Faraday’s paradox is one of those beautiful knots in physics where motion, magnetism, and electricity seem to trip over each other.
It comes from Michael Faraday’s 1831 experiments with electromagnetic induction. The paradox is usually described with the Faraday disc (homopolar generator):
- Imagine a conducting copper disc rotating in a uniform magnetic field (say, field lines pointing along the axis of the disc).
- A wire touches the rim and another touches the axle.
- As the disc spins, a current flows – even though the magnetic field is uniform and there’s no obvious “cutting of flux lines” as Faraday’s own law seemed to require.
The paradox deepens when you change which part is rotating:
- Disc rotates, magnet fixed current flows.
- Magnet rotates, disc fixed no current flows.
- Both rotate together, same speed current still flows!

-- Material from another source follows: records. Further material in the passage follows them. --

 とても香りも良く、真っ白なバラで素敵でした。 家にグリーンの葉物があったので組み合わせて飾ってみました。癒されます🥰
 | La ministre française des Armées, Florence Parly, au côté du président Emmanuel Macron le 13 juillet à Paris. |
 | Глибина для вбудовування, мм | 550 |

At first glance, this seemed to contradict Faraday’s own induction law, because the magnetic flux through the disc isn’t changing.
Resolution
It isn’t actually a contradiction once you dig into reference frames and Lorentz forces:
- Charges in the rotating disc move with the disc’s material.
- In their motion through the magnetic field, they feel a Lorentz force $\mathbf{F} = q(\mathbf{v} \times \mathbf{B})$.

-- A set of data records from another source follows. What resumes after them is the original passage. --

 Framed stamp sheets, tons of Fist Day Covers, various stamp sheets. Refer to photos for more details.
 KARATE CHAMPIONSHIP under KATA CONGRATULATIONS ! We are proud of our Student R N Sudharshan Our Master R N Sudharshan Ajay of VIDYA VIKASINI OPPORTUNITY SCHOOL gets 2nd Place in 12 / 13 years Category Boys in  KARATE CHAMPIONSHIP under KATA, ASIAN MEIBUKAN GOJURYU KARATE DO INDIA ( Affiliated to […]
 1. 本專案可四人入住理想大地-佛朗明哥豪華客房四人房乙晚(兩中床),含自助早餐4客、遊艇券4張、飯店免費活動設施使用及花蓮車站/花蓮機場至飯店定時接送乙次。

- This force pushes them radially, creating a potential difference.
The key is that the disc’s motion relative to the magnetic field is what matters, not just the flux picture. The flux-cutting version of Faraday’s law fails in this setup, but the general Maxwell-Faraday equation and Lorentz force law explain it perfectly.
In short: Faraday’s paradox is that a current can be generated in a homopolar generator even when the magnetic flux doesn’t change – apparently contradicting Faraday’s induction law, but actually resolved by considering the motion of charges in the magnetic field.
Is the Magnetic Field Static for a Rotating Physical Magnet?
Excellent question – and it cuts right into the heart of why Faraday himself was so unsettled by his own disc experiment.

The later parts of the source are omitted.